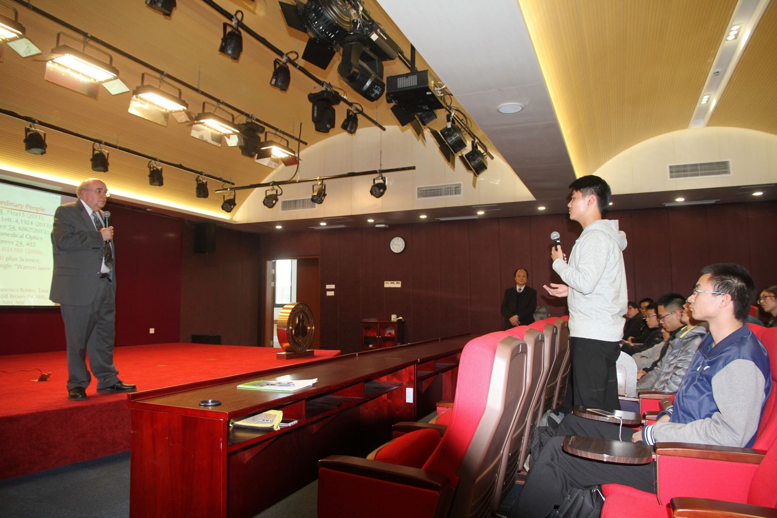 3月6日下午, 杜克大学物理系系主任Warren S. Warren教授来到国生报告厅,给同学们带来了关于美国研究生院及利用泵浦探测技术检测文物的讲座。Warren S. Warren是物理化学方向的教授,由于其杰出的贡献被杜克大学授予James B. Duke Professor的称号。
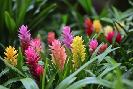 Vibrant bromeliad plants with spiky, upright flower stalks in red, yellow, orange, and pink, surrounded by lush green leaves, creating a colorful natural pattern.
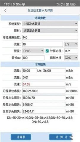 1、给排水计算器的界面简洁、操作方便、速度快,可以帮助用户快速准确地进行给排水的计算和设计。
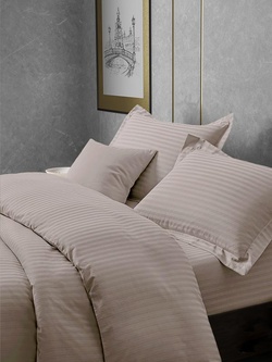 Постельное белье сатин страйп с простыней на резинке в подарочной упаковке - Серебро
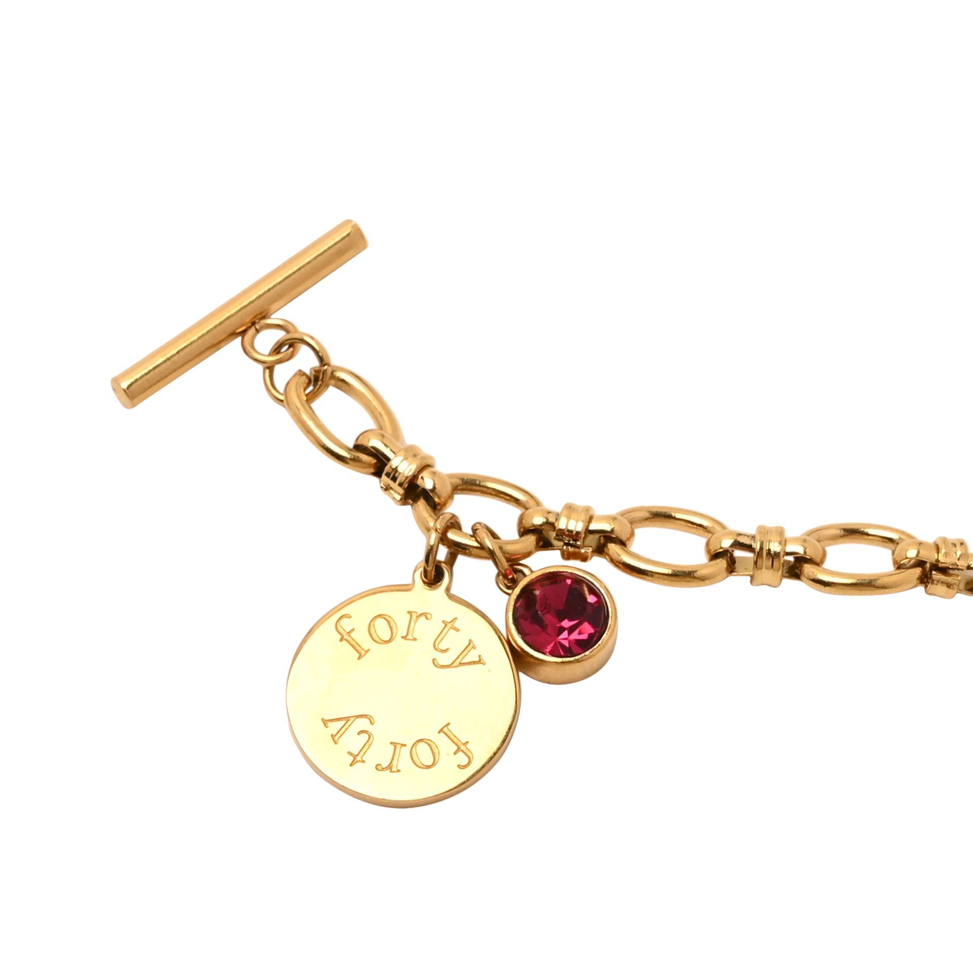 The CELEBRATIONS® Confetti Bracelet – 40 is a timeless keepsake designed to celebrate a meaningful milestone. Finished in a gold-tone with a classic chain and toggle fastening, it features an engraved “forty” charm paired with a rich pink imitation birthstone for a subtle yet eye-catching sparkle.
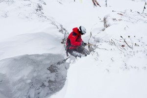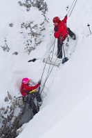 Da es dann auch noch vorkommt, dass Wintersportler entweder alleine unterwegs sind, oder die Gruppe nicht mehr genau weiß, wo sie zuletzt beisammen war, gilt es oftmals zahlreiche Dolinen abzusuchen. Hierfür wurde die sogenannte Einseiltechnik geübt. Eine Einsatzgruppe fährt die infrage kommenden Dolinen ab und zwei Mann seilen sich – ausgerüstet mit „Pieps“, Recco-Suchgerät, Schaufel und Sonde – in diese ab. Wurde die Doline abgesucht, steigen sie am selben Seil selbstständig wieder auf.
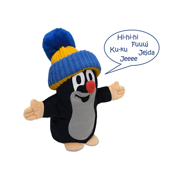 Beszélő Kisvakond kézbáb 25 cm, kék-sárga sapkában
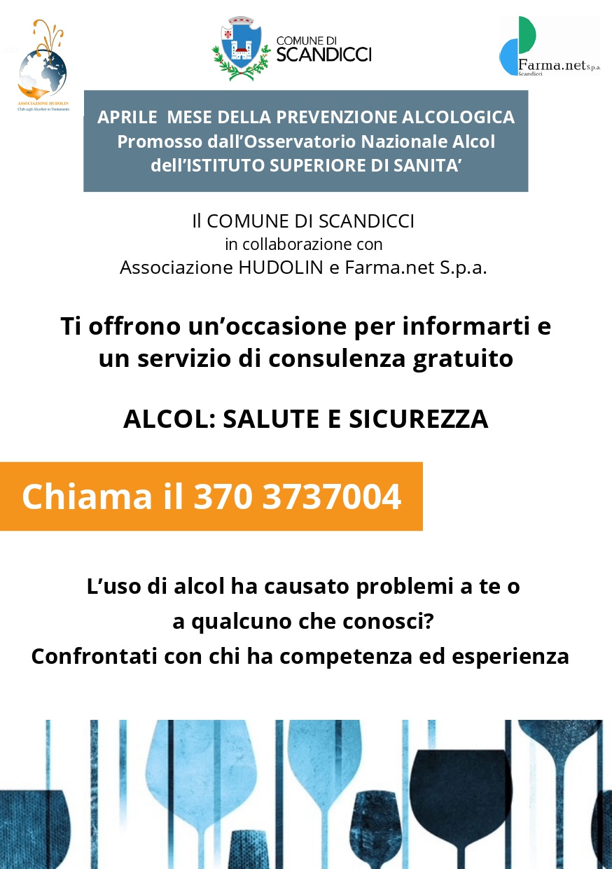In aprile, mese della prevenzione alcologica, in tutte le farmacie comunali di Scandicci saranno in distribuzione volantini con un numero da chiamare per avere informazioni e supporto sui problemi relativi all'uso di alcol. Chiamando il 370 3737004 sarà possibile avere una consulenza psicologica gratuita, per telefono o di persona, grazie agli esperti dell'Associazione Hudolin (per informazioni è anche possibile visitare il sito www.infoalcol.it). Le stesse informazioni inoltre saranno proiettate sui monitor delle farmacie. I volantini saranno disponibili anche al Punto Comune in piazzale della Resistenza.

▸ **What is being asked**
The response should hold only an exact retyping of the lines from the beginning of the data through the line containing "Постельное белье сатин", both ends kept, pictures omitted.

▸ **Exercise output**
 3月6日下午, 杜克大学物理系系主任Warren S. Warren教授来到国生报告厅,给同学们带来了关于美国研究生院及利用泵浦探测技术检测文物的讲座。Warren S. Warren是物理化学方向的教授,由于其杰出的贡献被杜克大学授予James B. Duke Professor的称号。
 Vibrant bromeliad plants with spiky, upright flower stalks in red, yellow, orange, and pink, surrounded by lush green leaves, creating a colorful natural pattern.
 1、给排水计算器的界面简洁、操作方便、速度快,可以帮助用户快速准确地进行给排水的计算和设计。
 Постельное белье сатин страйп с простыней на резинке в подарочной упаковке - Серебро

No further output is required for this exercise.